What Are The Advantages & Disadvantages Of Reinforcement Learning?


  • Learning without explicit instructions: Unlike supervised learning, which requires labelled data, reinforcement learning agents can learn autonomously by interacting with their environment and receiving feedback. This is especially useful when labelling data is expensive or impractical.
  • Mastering Complex Tasks: Reinforcement learning agents excel at learning complex tasks with many steps and variables, such as playing games, controlling robots, and navigating challenging environments. They can adapt to situations they haven’t encountered before and make decisions based on their current understanding.
  • Adaptability & Robustness: Reinforcement learning agents can learn and adapt in dynamic environments where data and goals may change. This makes them more flexible and robust than traditional algorithms that rely on static data.
  • Continuous Learning: Reinforcement learning agents can continuously learn and improve even after initial training. They can use new experiences to refine their policies and adjust to changing situations.

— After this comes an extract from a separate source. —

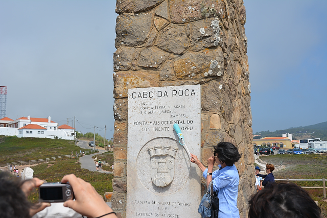 シントラをあとにして、ロカ岬に着いた。ロカ岬は、ユーラシア大陸最西端に位置する岬で、高さ144mの断崖絶壁が大西洋に突き出ている。突端に立つ十字架の塔に詩人ルイス・デ・カモンイスによる「ここに地終わり、海始まる」という一節が刻まれていて、ガイドさんがその説明をしている。あたりには、海岸性の植物が生えていて、硬い棘をもっていて触ると肌が傷つきそうだ。下は崖になっていて、柵がつけられていた。風が強く吹く中、遊歩道を少し歩いて最西端まで来たことを心に刻んだ。記念に花文字で名前が記された最西端到達証明書を発行してもらった。

  • Sample Complexity: Learning through trial-and-error can be slow and requires a large amount of data, especially in complex environments. This can be a challenge for real-world applications with limited data or computational resources.
  • Black Box Nature: Understanding how its agents learn and make decisions can be difficult, as their internal policies and value functions may be complex. This can raise concerns about explainability and control.
  • Safety concerns: In tasks with real-world consequences, ensuring the safety of reinforcement learning agents and their actions is crucial. This requires careful design, testing, and mitigation strategies to prevent accidents or harmful outcomes.
  • Reward Function Engineering: The reward function, which defines what the agent considers ‘good’ and ‘bad’, is critical for successful learning. Designing the right reward function can be complex and may require significant domain expertise.

What Are Some Examples Of Reinforcement Learning?

While it is being used across various domains within machine learning and its adjacent fields, here are some of the more fascinating examples of reinforcement learning in action:

  • AlphaGo: This AI program famously defeated the world champion Go player, Lee Sedol, by learning through self-play and trial-and-error.
  • OpenAI Five: This team of AI agents learned to play Dota 2 at a superhuman level by competing against itself millions of times.
  • Boston Dynamics Spot: This agile robot can navigate challenging terrain and perform tasks like opening doors and climbing stairs, thanks to advanced reinforcement learning algorithms.